5. The improved seal assembly of claim 1 wherein said at least one discrete micro-channel is disposed on a surface of the elastomeric seal element.

6. The improved seal assembly of claim 1 wherein at least one discrete micro-channel is disposed on an outer surface of the rotating component; and

wherein at least one discrete micro-channel is disposed on a surface of the elastomeric seal elements.

7. An improved seal assembly between a rotating component having a longitudinal axis and an annular elastomeric seal element disposed about a contact region of the rotating component, the improvement comprising:

a plurality of parallel micro-channels disposed within the contact region between the rotating component and the annular elastomeric seal element, each of said plurality of micro-channels discrete from each other and continuous about a circumference of the seal assembly; and

at least one of said micro-channels including a set of discrete spaced-apart recessed elements configured to interact with a material disposed within the contact region.

8. The improved seal assembly of claim 7 wherein said discrete spaced-apart recessed elements are aligned angular flutes configured to impart a first pumping action on materials disposed within the contact region.

9. The improved seal assembly of claim 8 wherein said aligned angular flutes are configured to impart a unidirectional pumping action on said materials.

10. The improved seal assembly of claim 7 wherein said discrete spaced-apart recessed elements are pairs of opposing angular flutes, said pairs of angular flutes configured to impart a bidirectional pumping action on said materials.
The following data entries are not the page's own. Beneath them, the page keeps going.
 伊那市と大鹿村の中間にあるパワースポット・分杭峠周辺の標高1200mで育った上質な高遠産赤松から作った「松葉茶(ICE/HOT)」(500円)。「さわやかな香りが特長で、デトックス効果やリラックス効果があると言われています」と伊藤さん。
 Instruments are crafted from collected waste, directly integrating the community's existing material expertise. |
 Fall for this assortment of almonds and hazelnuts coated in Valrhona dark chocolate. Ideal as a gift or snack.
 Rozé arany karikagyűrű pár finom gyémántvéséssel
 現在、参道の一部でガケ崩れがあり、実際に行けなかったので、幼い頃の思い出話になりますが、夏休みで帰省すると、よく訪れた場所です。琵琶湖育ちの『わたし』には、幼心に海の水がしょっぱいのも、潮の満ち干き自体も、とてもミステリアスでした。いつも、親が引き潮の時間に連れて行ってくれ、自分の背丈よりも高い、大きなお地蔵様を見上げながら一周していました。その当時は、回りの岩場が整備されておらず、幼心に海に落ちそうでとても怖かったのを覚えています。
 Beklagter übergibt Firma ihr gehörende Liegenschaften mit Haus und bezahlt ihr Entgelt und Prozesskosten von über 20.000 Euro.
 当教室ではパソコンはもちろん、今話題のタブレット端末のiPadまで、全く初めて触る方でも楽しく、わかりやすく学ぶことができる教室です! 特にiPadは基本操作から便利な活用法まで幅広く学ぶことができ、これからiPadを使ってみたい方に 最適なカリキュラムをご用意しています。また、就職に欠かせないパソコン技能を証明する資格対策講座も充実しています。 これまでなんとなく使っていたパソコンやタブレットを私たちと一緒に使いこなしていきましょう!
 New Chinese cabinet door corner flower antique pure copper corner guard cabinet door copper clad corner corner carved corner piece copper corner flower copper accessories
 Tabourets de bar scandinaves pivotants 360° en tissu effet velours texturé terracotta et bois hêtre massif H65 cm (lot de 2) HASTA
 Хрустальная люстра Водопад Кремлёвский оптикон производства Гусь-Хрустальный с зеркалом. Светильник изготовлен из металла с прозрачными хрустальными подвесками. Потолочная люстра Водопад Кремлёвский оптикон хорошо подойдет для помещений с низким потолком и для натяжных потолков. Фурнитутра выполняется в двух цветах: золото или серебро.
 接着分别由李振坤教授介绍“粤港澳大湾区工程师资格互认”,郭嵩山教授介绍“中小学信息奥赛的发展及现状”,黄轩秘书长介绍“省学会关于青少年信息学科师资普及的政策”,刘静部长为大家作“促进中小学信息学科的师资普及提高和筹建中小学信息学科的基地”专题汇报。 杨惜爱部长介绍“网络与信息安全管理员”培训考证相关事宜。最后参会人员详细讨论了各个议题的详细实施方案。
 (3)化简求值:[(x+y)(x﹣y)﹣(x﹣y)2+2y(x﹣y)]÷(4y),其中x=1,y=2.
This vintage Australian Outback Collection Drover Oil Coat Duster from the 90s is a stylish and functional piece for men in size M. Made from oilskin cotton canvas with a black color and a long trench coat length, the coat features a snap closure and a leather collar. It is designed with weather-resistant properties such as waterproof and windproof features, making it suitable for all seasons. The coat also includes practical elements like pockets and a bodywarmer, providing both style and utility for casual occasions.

11. The improved seal assembly of claim 8 further including at least a second micro-channel including a set of aligned angular flutes configured to impart a second pumping action on materials disposed within said contact region, said second pumping action having a different direction from said first pumping action.

12. The improved seal assembly of claim 7 wherein said material is a lubricant film.

13. The improved seal assembly of claim 7 wherein said material is a seal contaminate.

14. The improved seal assembly of claim 7 wherein said discrete spaced-apart elements are aligned angular flutes configured to provide a flow pathway for materials disposed within the contact region.

15. The improved seal assembly of claim 7 wherein said discrete spaced-apart elements are micro-recesses configured to retain materials disposed within the contact region.

16. The improved seal assembly of claim 7 wherein said plurality of parallel micro-channels are configured to preclude uninterrupted axial Pathways across said contact region.

17. The improved seal assembly of claim 7 wherein said discrete spaced-apart recessed elements are tapered flutes.

18. The improved seal assembly of claim 1 further including at least one additional discrete micro-channel disposed within the contact region between the rotating component and the annular elastomeric seal element, said at least one additional discrete micro-channel continuous about a circumference of the seal assembly and including a plurality of uniformly-spaced discrete elements; and

wherein each of said discrete micro-channels are axially isolated from each other.